- Born: September 3, 1955 (age 70) Vallejo, California, U.S.
- Education: California Institute of the Arts (BFA); Bennington College (MFA); ;
- Spouse: William G. Tucker
- Children: 2 (including Shankar Tucker)
- Awards: Guggenheim Fellowship (1989)

= Kamini Avril =

American painter (born 1955)

Pamela Avril Tucker (born September 3, 1955), also known as Kamini Avril, is an American painter. A 1989 Guggenheim Fellow, she specializes in large paintings depicting humans and animals.
==Biography==
Pamela Avril Tucker was born on September 3, 1955, in Vallejo, California. Her mother Dorothy Avril was an elementary school teacher who worked in Glassboro, New Jersey. After attending the Interlochen Arts Academy (1973) and the Yale Norfolk School of Art, She attended the California Institute of the Arts, where she obtained a BFA in 1977, and Bennington College where she obtained a MFA in 1980.

After participating in several group exhibitions, she had a solo exhibition at the Josef Gallery in New York City in 1983. In 1989, she was awarded a Guggenheim Fellowship for painting. In April 2020, she and her husband held their first joint solo exhibition, at the Bannister Gallery in Rhode Island College; Art New England remarked that the husband-and-wife duo "share a remarkably similar creative process, yet their work is profoundly different in medium, execution, and form". Her 2024 exhibit The Hands See What the Eye Feels focused on landscape depictions of greenery where "vines, bushes, creepers and other foliage provide an almost tactile feel".

Her paintings are usually large and rely on black charcoal and thick layers of paint, depicting humans, animals, and natural landscapes. According to Art New England, they "range from abstract to representational" and usually involve "energetic brushwork", The Windham Journal described her work as "gestural". Avril described her way of conceiving art: "Today, this isn’t easy, since we are inundated with visual information we process and discard immediately. But art needs duration." Avril explained that she has shifted from "deep feeling, often through a kind of non-linear storytelling" towards "the world observed and the innumerable mysteries of perception, as recreated through memory and making".
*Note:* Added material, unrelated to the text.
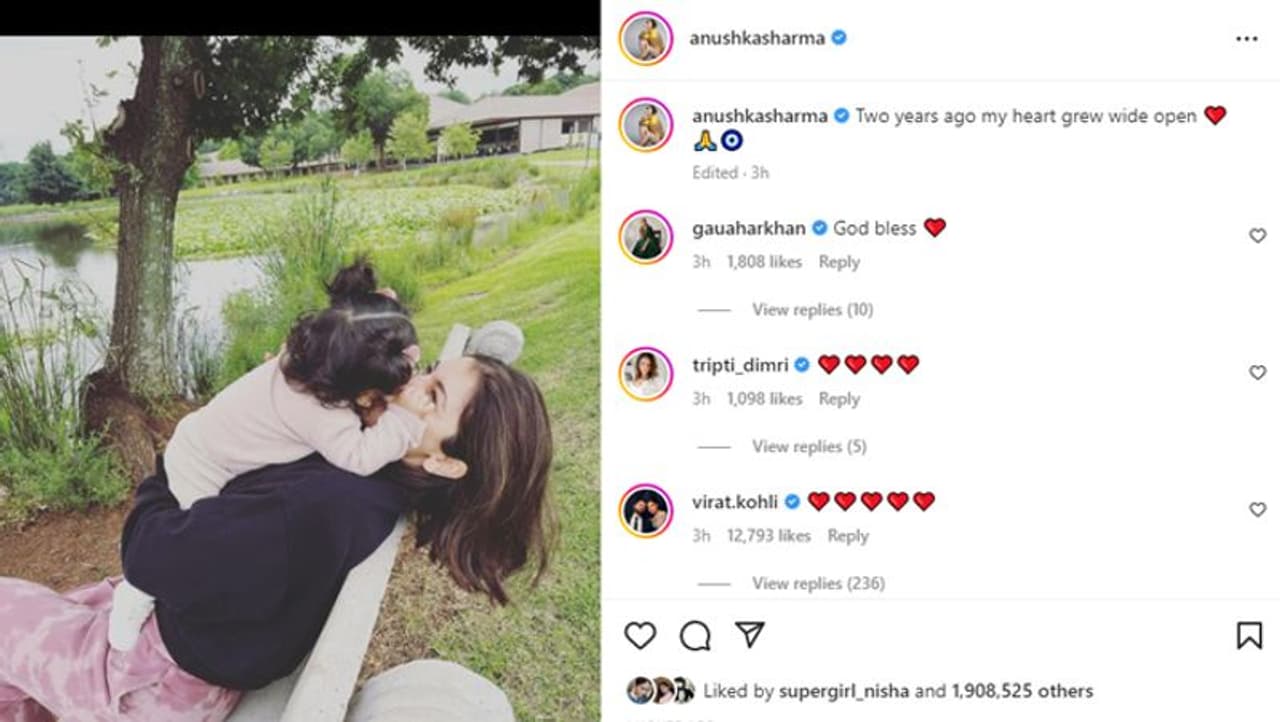 अनुष्का और वामिका की यह तस्वीर सोशल मीडिया पर वायरल हो रही है। इसे महज 3 घंटे के अंदर 19 लाख से ज्यादा लाइक्स मिले चुके हैं। फोटो पर कमेंट कर अनुष्का के कलीग्स और फ्रेंड्स वामिका को जन्मदिन की शुभकामनाएं दे रहे हैं। मसलन, एक्ट्रेस काजल अग्रवाल ने कमेंट बॉक्स में लिखा है, "वामिका को जन्मदिन की हार्दिक शुभकामनाएं। ढेर सारा प्यार।" गौहर खान ने लिखा है, "भगवान आशीर्वाद बनाए रखे।" इसी तरह एक्ट्रेस तृप्ति डिमरी, ईशा गुप्ता, अथिया शेट्टी, नीति मोहन, अनाइता श्रॉफ और धनश्री वर्मा समेत कई अन्य सेलेब्स ने भी वामिका को जन्मदिन की शुभकामनाएं दीं हैं।

She is a regular exhibitor at Bowery Gallery in New York City and Oxbow Gallery in Easthampton, Massachusetts, and she is part of the Todi Arts Studio team at Villa Zefiro. She also worked as an art teacher at such institutions as Bard College, Chautauqua, the Mount Gretna School of Art, and the New York Studio School of Drawing, Painting and Sculpture.
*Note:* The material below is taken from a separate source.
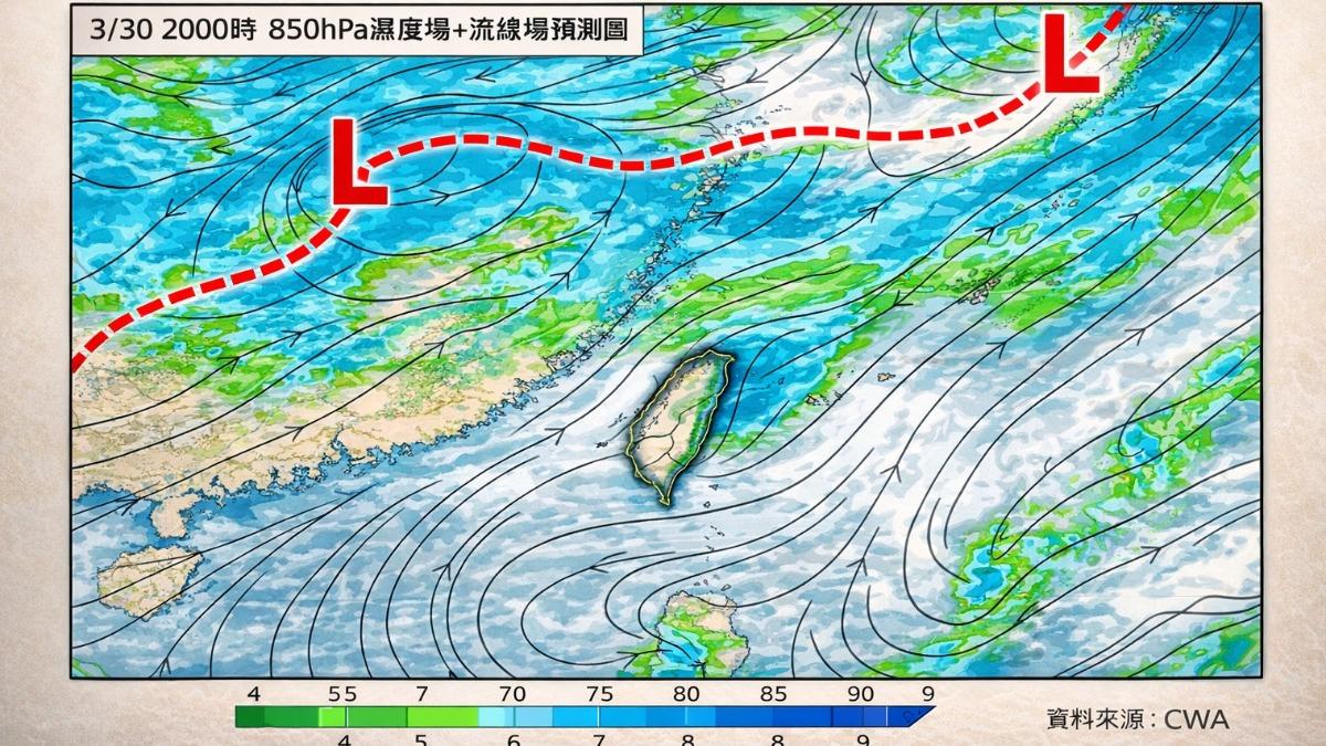 「最強春雨鋒面,來了」,林得恩根據中央氣象署最新10日預報資料說明,下週二(31日)將有一道新的春雨鋒面南下,伴隨東北季風增強影響全台天氣。這波鋒面與先前相比,不僅結構更加完整,位置也明顯南移,有機會深入台灣北部陸地,加上環境水氣含量較為豐沛,可能伴隨強風、雷電等劇烈天氣現象,民眾務必提高警覺。

She is married to British sculptor William G. Tucker, and they have two children, clarinetist Shankar Tucker and cellist Akshaya Avril Tucker. As of 1986, she was based in Willow, New York. By 2025, she had moved to Western Massachusetts; she is based in Ashfield, Massachusetts.

==Selected exhibitions==
- Joint exhibition with William G. Tucker, Bannister Gallery at Rhode Island College, April 2020
- Joint exhibition with Claude Carone and Ruth Leonard, Greene County Gallery on the Arts Mountaintop Gallery (Windham, Maine), March 16 to May 6, 1996
- Frescos/Drawings, Oxbow Gallery (Easthampton, Massachusetts), October 2025.